PROVIDED RECORDS —
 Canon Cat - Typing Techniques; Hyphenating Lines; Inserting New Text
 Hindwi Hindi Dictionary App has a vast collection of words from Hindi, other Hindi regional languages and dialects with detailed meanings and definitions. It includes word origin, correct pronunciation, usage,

...

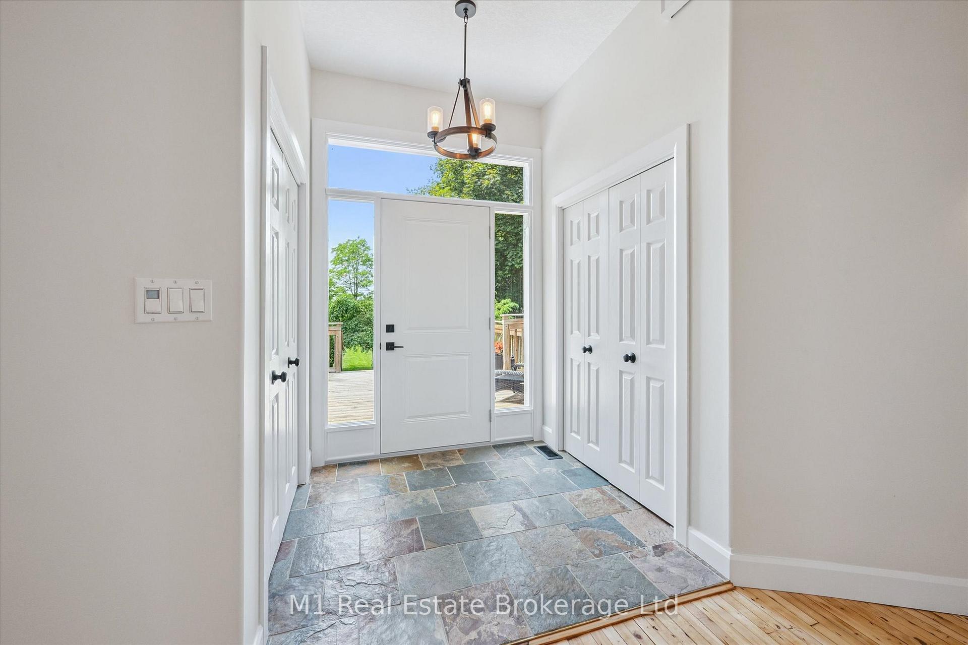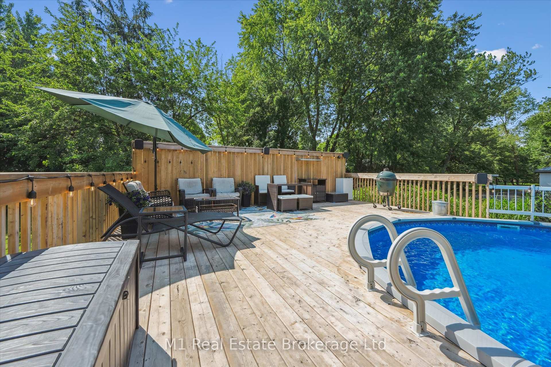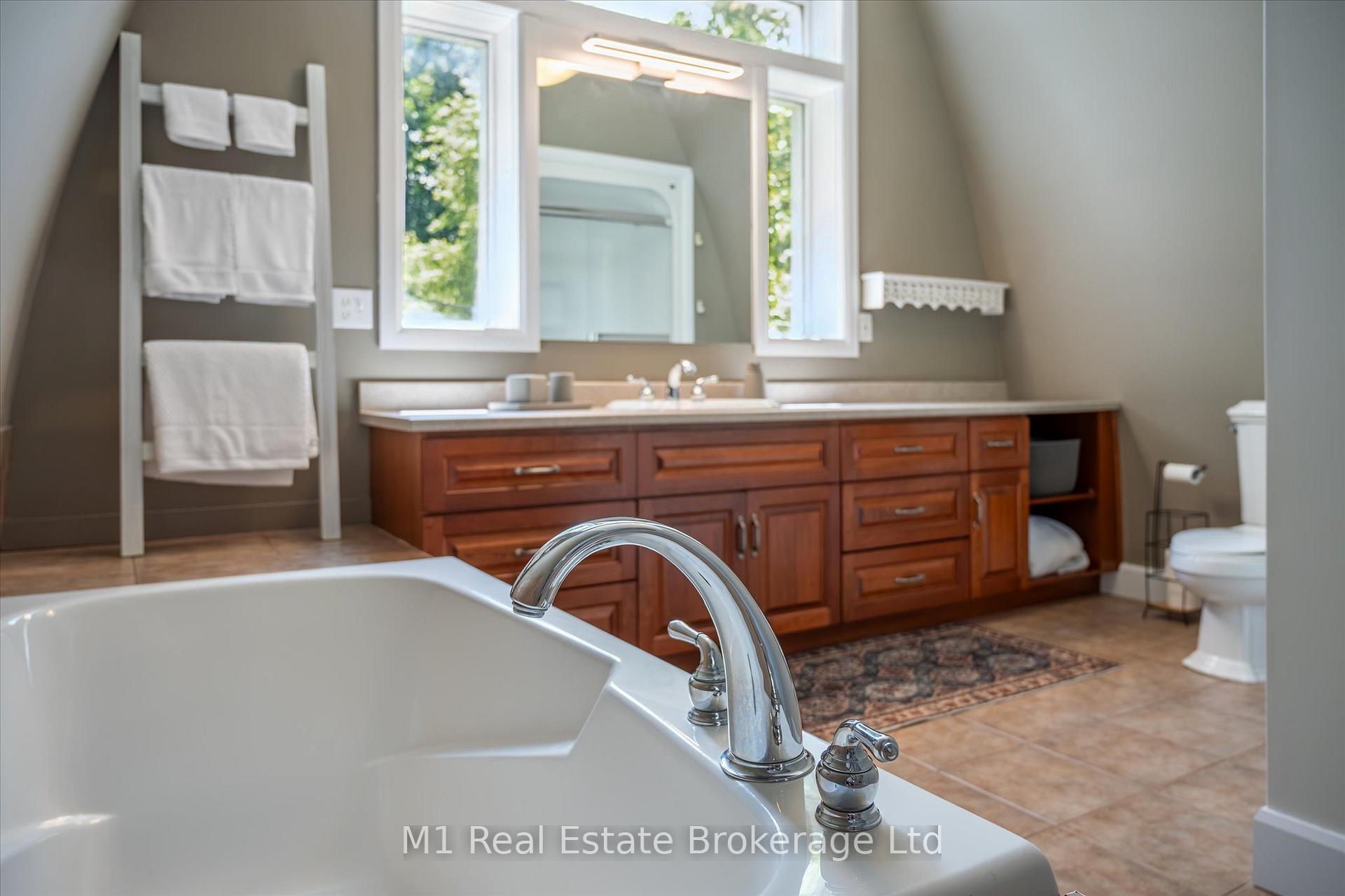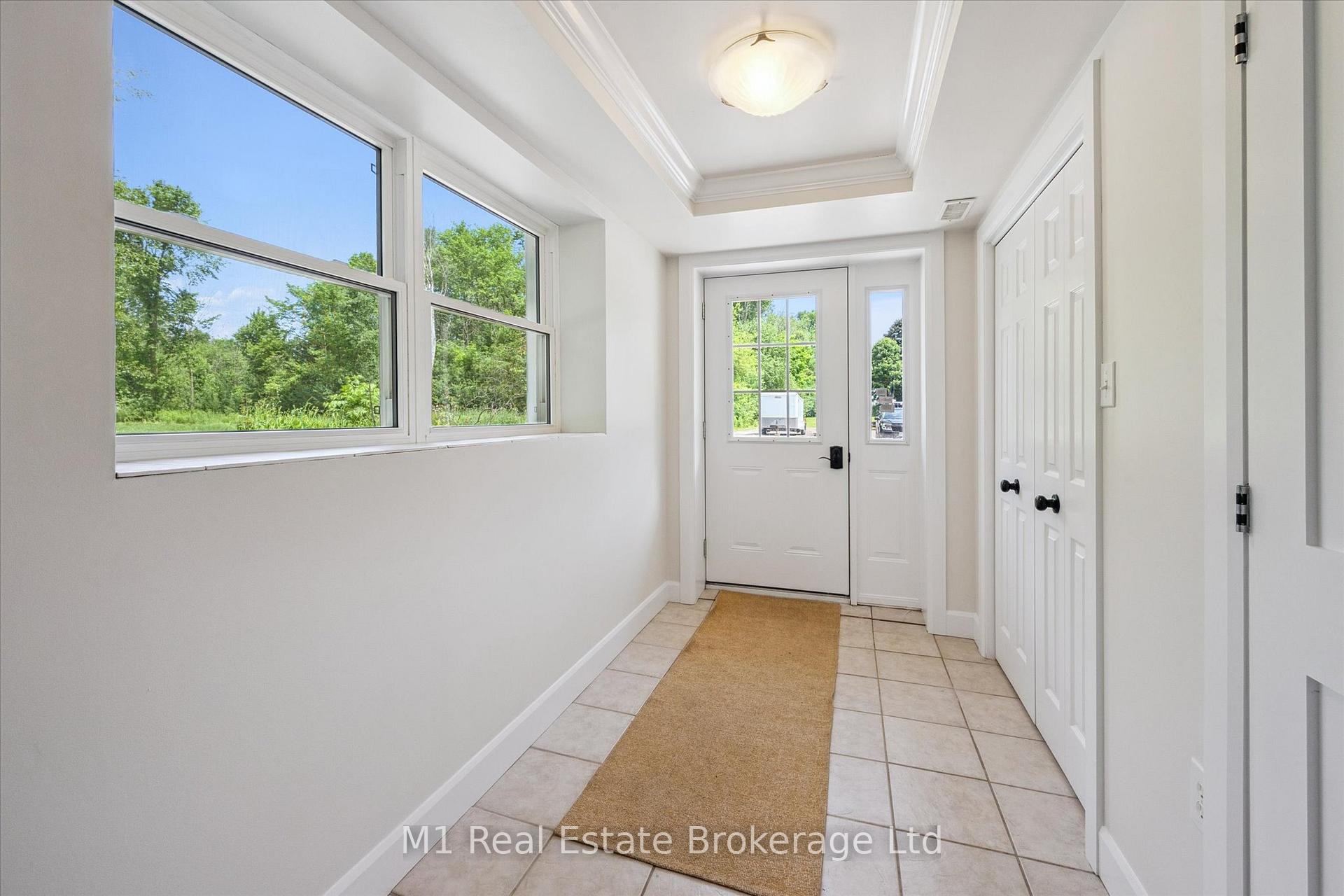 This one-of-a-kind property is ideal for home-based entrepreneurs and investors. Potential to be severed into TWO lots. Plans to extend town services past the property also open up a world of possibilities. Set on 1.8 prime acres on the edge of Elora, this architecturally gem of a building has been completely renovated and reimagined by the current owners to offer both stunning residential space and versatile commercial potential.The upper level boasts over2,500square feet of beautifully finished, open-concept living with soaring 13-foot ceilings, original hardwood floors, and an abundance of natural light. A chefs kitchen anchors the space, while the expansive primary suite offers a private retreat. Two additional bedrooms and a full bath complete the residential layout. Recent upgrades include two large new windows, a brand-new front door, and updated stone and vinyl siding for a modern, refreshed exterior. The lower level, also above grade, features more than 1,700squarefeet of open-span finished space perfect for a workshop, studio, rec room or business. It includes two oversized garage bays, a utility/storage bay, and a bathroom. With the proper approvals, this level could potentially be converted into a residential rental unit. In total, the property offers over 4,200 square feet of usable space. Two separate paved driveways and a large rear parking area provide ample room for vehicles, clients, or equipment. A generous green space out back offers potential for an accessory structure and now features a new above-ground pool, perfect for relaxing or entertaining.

AIM OF THE TASK — Using the entries above, repeat only the lines from the one containing "Canon Cat - Typing" through the one containing "Hindwi Hindi Dictionary", end lines included.

RESPONSE BELOW —
 Canon Cat - Typing Techniques; Hyphenating Lines; Inserting New Text
 Hindwi Hindi Dictionary App has a vast collection of words from Hindi, other Hindi regional languages and dialects with detailed meanings and definitions. It includes word origin, correct pronunciation, usage,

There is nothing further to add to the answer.